Ashburton Zone Committee Field Trip - Is the grass greener?
Peering at a patch of grass might not be some people’s idea of fun but the Ashburton Water Zone Committee members were fascinated by the variety of pasture on offer at a Westerfield dairy farm, as part of a recent field trip.
The committee visited Align Clareview’s regenerative farm system, which aims to improve soil health, biodiversity and have less environmental impact.
Its Head of Environment and Innovation, Clare Buchanan, is one of the committee’s new members and co-hosted the tour.
When it comes to pasture, the cows in the regenerative system get to dine on a range of mixed and diverse species within one paddock, including chicory, plantain, clover, lucerne and ryecorn.
The animals graze the paddock to a much higher residual height than conventional grazing, to protect the soil and its root structure and reduce run-off to waterways.
Field trip benefits
Chief Executive of Align Farms, Rhys Roberts said, as well as offering the animals a more varied diet and boosting biodiversity – bringing back native bees, birds and bugs - regenerative agriculture lowers reliance upon conventional synthetic inputs like fertiliser.

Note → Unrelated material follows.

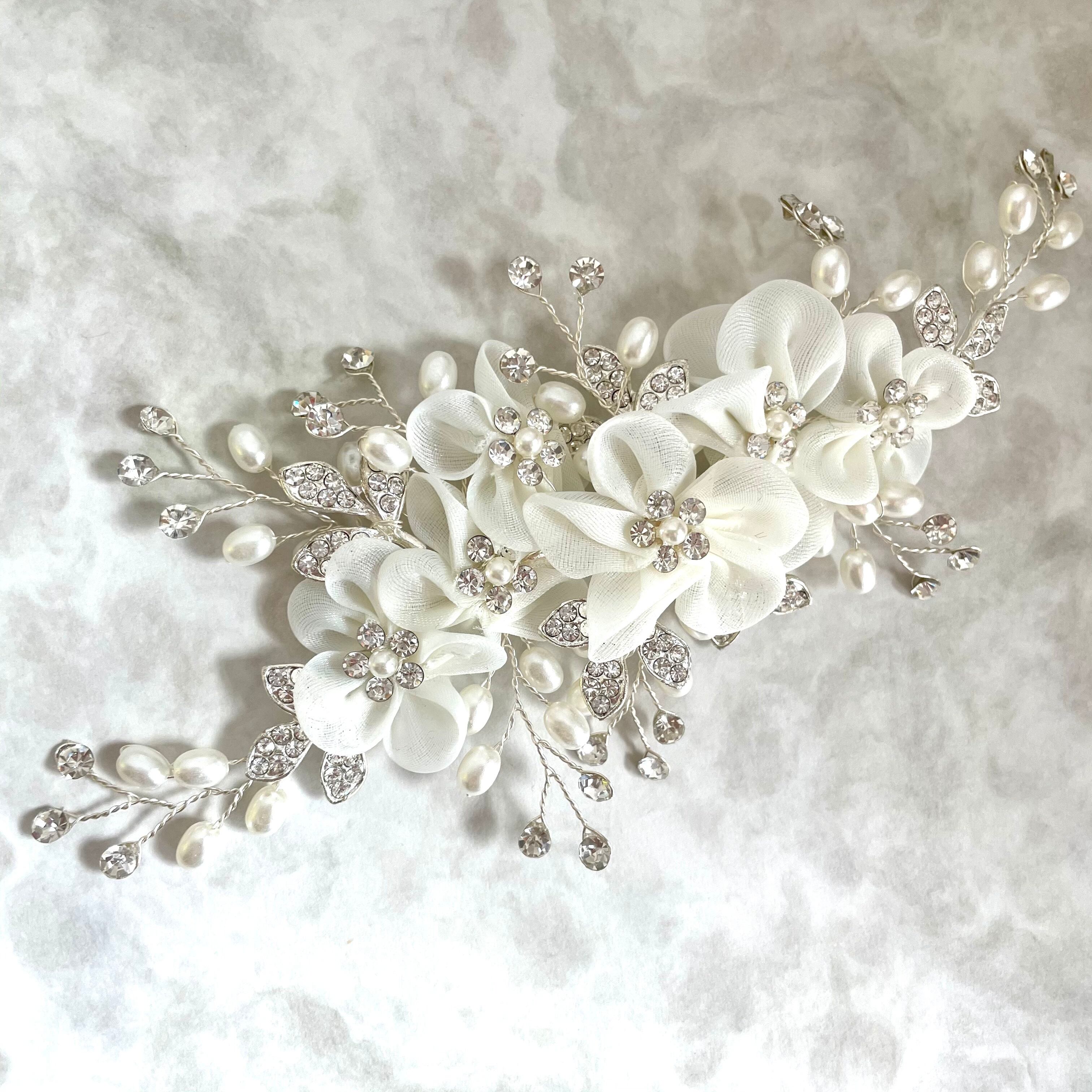 ふわふわのオーガンジーのお花からキラキラのラインストーンやパールがまばゆいほど散りばめられたヘッドドレスです♡

“We’re proud to have a lower impact on our community and to be putting some more options out there in front of people in the industry. It’s all about finding a better balance – maintain a living but lowering our impact.”
Weekly data including supplements fed, milk production, and pasture growth, is uploaded on the farm’s website for all to view.

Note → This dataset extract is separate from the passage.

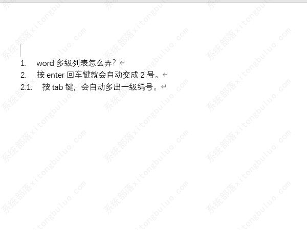 3、按enter回车键就会自动变成2号。按tab键,会自动多出一级编号。

“We’re happy to share what we’re learning as a working farm transitioning to more regenerative practices – and we are definitely still learning in this area. We’ve had 20 years of conventional farming experience and only about 20 minutes of regenerative farming!”
Clareview’s transition to regenerative farming started in the 2019-20 season and, after encouraging results, Align decided to conduct a trial and put 50% of the farm into regenerative pastures for comparison.
Simple measures pay off
Committee Chair, William Thomas, said initiatives like those at Clareview Align, highlighted simple measures, like the introduction of diverse pasture species and increasing the grazing round length, that could collectively make a big difference in the catchment if other farms got on board.
“It’s so valuable to see what can be achieved on a commercial farm, rather than within a more traditional scientific setting. Sharing their data, feedback and practices so openly with the farming community is just the attitude we need to get positive change happening.”
The trip to Align was part of a full day outing to explore the challenges and opportunities for better water quality in the Ashburton. A jam-packed itinerary, which focused on some of the key issues the Ashburton Water Zone will be acting on next year, gave the members more detailed technical information as well as valuable first-hand insights from people in the community.